Records from a data collection

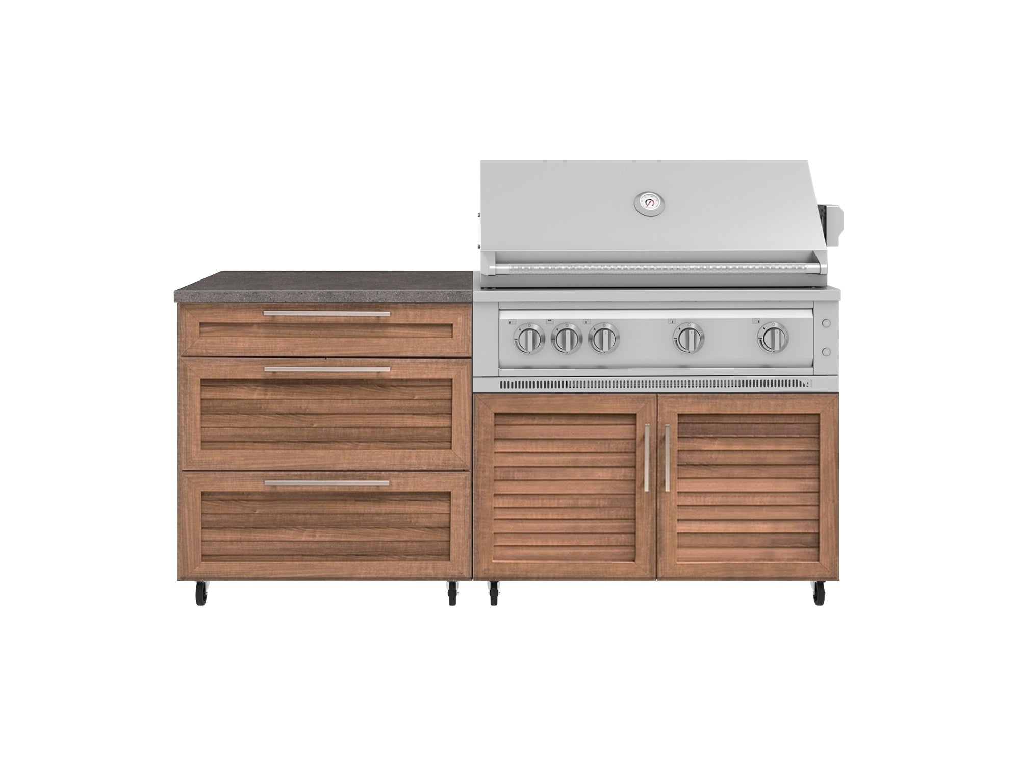 NewAge Outdoor Kitchens Stainless-Steel 5-Piece Cabinet Set with with 3-Drawer, Bar, Grill Cabinet, Platinum Grill and Countertop
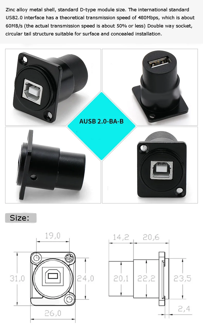 D type Welding free Female to Female Metal Socket Jacks USB3.0 USB2.0 USB Type B Connector Data Adapter Panel Mounting+ Dust Cap
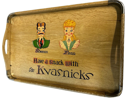 Vintage Wooden Serving Tray MCM Hand Painted Japan Mod MCM Handled Platter
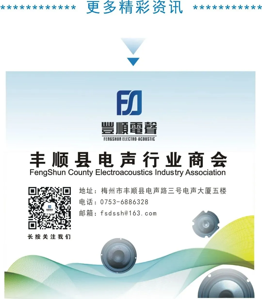 未来,中音协会将积极组织广大会员企业与丰顺县政府相关部门、丰顺电声商会开展全方位、多层次、深层次的交流对接,广泛整合行业优质资源、汇聚发展合力,全力助力丰顺电声产业进一步做大做强、推动高质量发展再登新台阶。
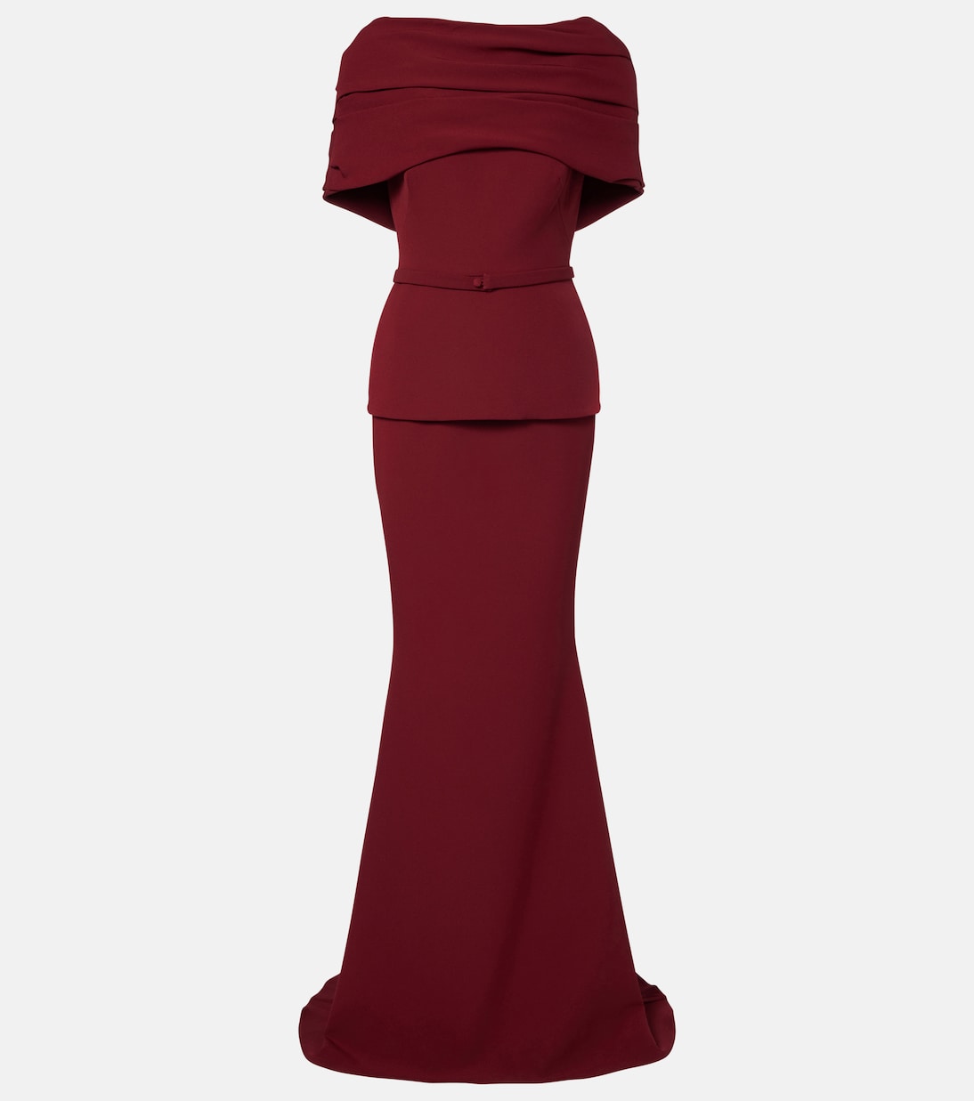 A refined wine-red gown featuring an off-shoulder layered neckline and a sculpted peplum waist. The fitted mermaid silhouette flows gracefully to the floor, combining timeless elegance with modern structure — ideal for evening galas or sophisticated celebrations.
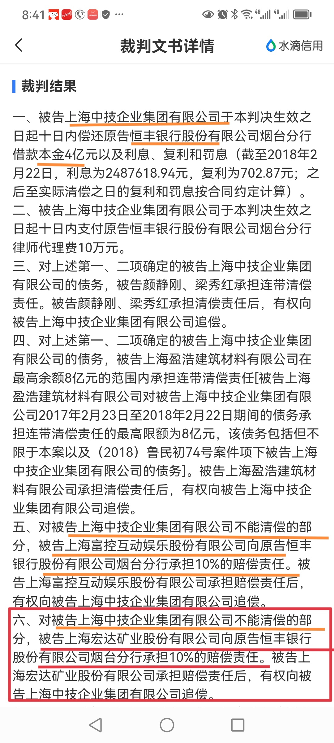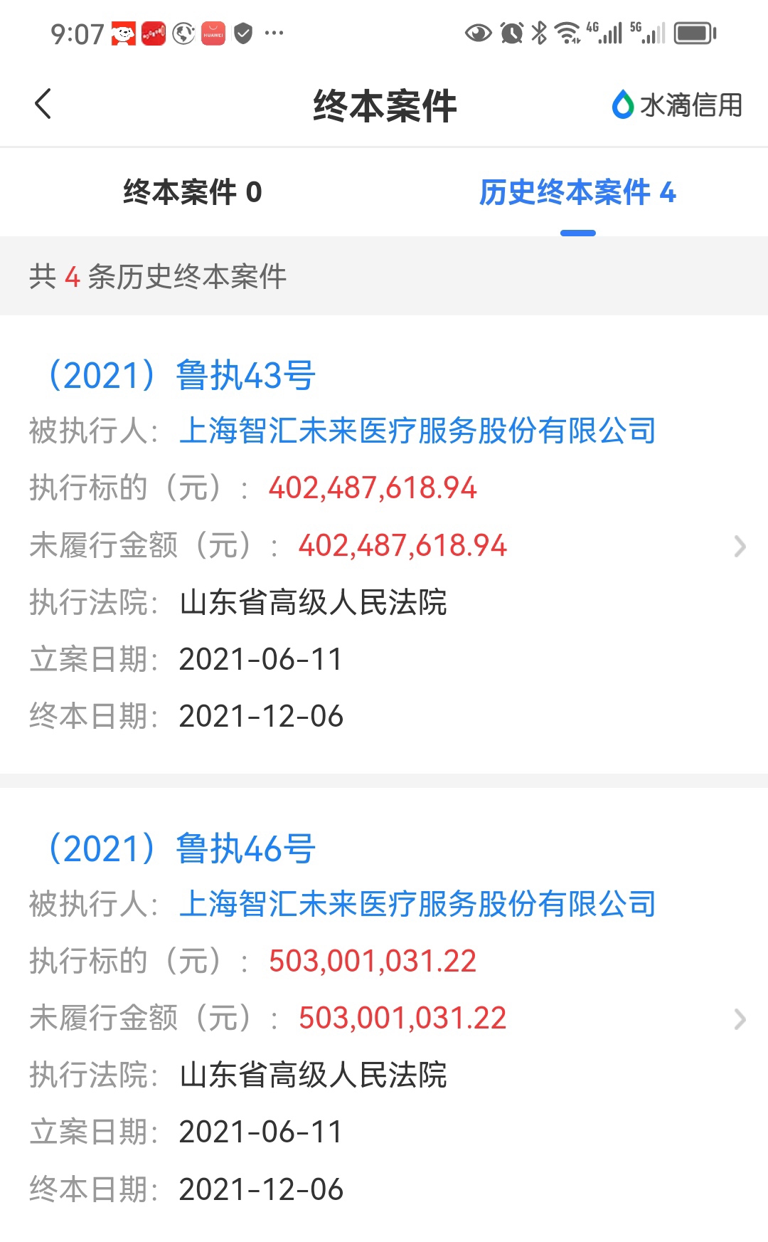 一、原未来控股股东中技集团向恒丰银行借款4亿未能归还全部本息,未来智慧医疗公司要承担10%的连带清偿责任,此案法院已经终本。
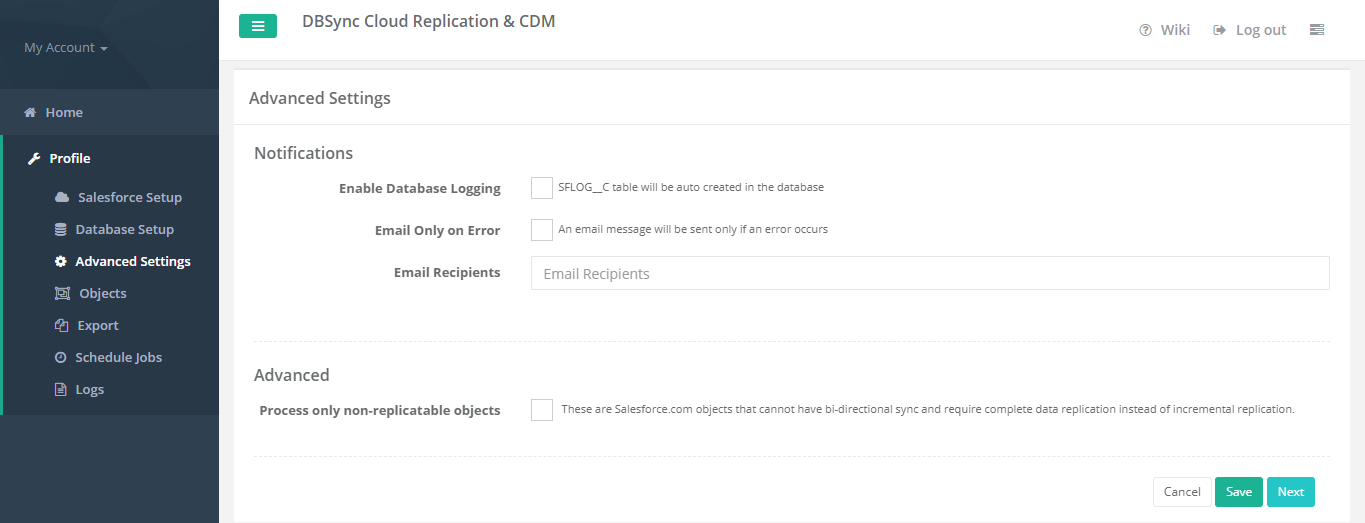 - Click to "advanced" settings tab on the left hand corner in the Profiles section of DBSync replication portal.

▸ Task to complete
Please write out the lines above exactly, from the one that contains "A refined wine-red" through the final line, and include none of the pictures.

▸ Final answer
 A refined wine-red gown featuring an off-shoulder layered neckline and a sculpted peplum waist. The fitted mermaid silhouette flows gracefully to the floor, combining timeless elegance with modern structure — ideal for evening galas or sophisticated celebrations.
 一、原未来控股股东中技集团向恒丰银行借款4亿未能归还全部本息,未来智慧医疗公司要承担10%的连带清偿责任,此案法院已经终本。
 - Click to "advanced" settings tab on the left hand corner in the Profiles section of DBSync replication portal.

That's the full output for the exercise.